Recorded information
┏━━

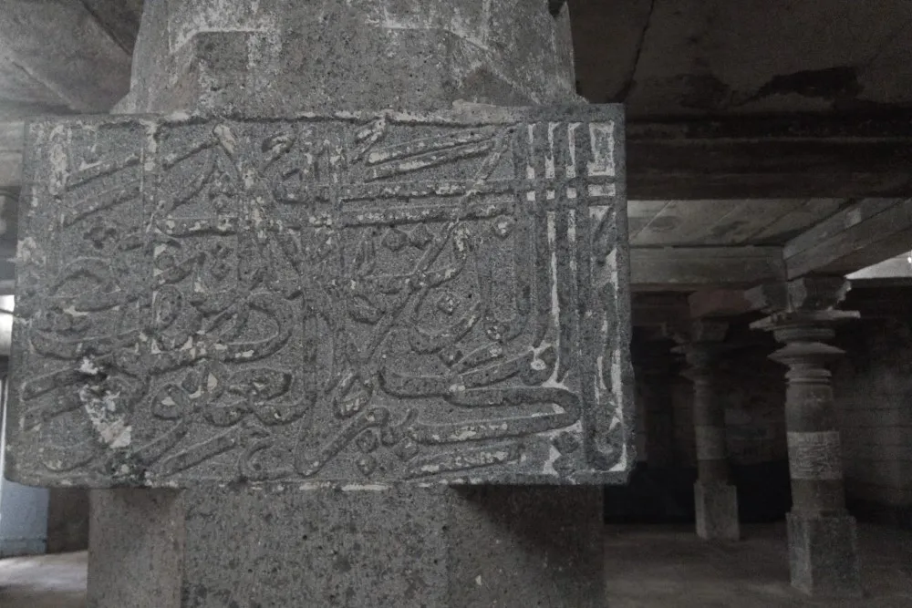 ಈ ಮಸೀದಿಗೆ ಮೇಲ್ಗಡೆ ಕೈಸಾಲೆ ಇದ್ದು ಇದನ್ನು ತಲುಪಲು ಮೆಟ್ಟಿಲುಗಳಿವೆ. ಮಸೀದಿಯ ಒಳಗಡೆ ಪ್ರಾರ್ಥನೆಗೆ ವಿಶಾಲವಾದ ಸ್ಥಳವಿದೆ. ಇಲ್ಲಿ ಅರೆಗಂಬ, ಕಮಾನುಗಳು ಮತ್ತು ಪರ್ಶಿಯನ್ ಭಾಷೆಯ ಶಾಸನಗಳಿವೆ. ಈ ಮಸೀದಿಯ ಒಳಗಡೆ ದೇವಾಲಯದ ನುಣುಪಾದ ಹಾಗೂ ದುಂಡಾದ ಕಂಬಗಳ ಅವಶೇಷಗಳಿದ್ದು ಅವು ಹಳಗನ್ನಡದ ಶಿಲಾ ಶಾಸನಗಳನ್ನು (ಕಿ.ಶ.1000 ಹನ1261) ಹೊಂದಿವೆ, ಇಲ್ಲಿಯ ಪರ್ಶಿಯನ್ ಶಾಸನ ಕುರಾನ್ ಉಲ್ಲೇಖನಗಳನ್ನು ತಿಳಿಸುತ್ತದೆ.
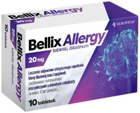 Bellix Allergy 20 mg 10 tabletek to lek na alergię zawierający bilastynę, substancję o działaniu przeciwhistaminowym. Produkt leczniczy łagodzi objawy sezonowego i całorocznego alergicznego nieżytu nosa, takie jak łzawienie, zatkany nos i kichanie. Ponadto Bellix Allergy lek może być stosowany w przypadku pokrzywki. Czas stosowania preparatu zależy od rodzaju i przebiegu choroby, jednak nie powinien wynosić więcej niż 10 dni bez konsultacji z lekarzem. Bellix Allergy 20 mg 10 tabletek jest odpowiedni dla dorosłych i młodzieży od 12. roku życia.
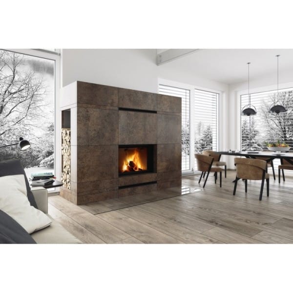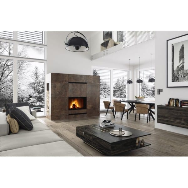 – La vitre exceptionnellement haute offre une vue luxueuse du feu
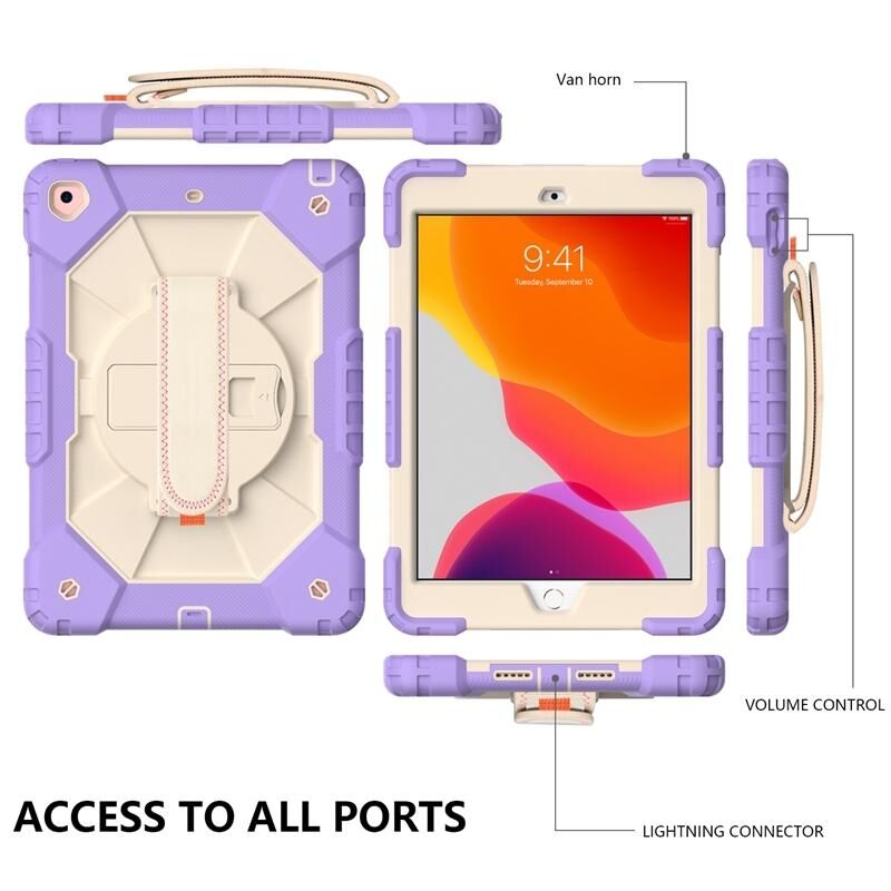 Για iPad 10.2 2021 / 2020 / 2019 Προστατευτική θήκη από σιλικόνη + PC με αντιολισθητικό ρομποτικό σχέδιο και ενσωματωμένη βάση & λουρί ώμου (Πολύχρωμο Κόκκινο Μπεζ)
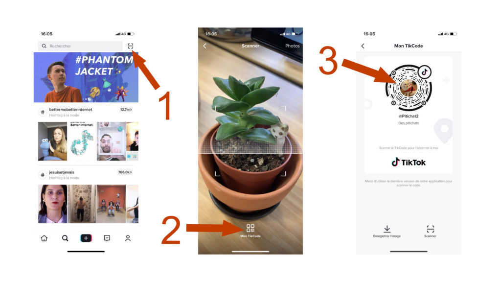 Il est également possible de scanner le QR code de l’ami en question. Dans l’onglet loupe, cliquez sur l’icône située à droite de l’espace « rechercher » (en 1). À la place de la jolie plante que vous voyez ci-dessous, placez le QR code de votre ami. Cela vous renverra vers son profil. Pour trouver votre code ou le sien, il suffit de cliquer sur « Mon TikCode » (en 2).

┗━━
┏━━

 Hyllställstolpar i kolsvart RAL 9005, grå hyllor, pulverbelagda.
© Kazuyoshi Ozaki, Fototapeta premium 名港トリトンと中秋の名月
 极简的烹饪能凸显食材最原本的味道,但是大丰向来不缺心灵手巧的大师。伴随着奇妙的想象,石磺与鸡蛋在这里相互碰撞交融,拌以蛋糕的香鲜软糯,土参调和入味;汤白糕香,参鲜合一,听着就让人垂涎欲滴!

┗━━

Assignment
Give back exactly the lines of the listing above from the one that contains "luxueuse du feu" up to and including the one that contains "Il est également", but not the pictures, and no other lines.

Answer for the task
 – La vitre exceptionnellement haute offre une vue luxueuse du feu
 Για iPad 10.2 2021 / 2020 / 2019 Προστατευτική θήκη από σιλικόνη + PC με αντιολισθητικό ρομποτικό σχέδιο και ενσωματωμένη βάση & λουρί ώμου (Πολύχρωμο Κόκκινο Μπεζ)
 Il est également possible de scanner le QR code de l’ami en question. Dans l’onglet loupe, cliquez sur l’icône située à droite de l’espace « rechercher » (en 1). À la place de la jolie plante que vous voyez ci-dessous, placez le QR code de votre ami. Cela vous renverra vers son profil. Pour trouver votre code ou le sien, il suffit de cliquer sur « Mon TikCode » (en 2).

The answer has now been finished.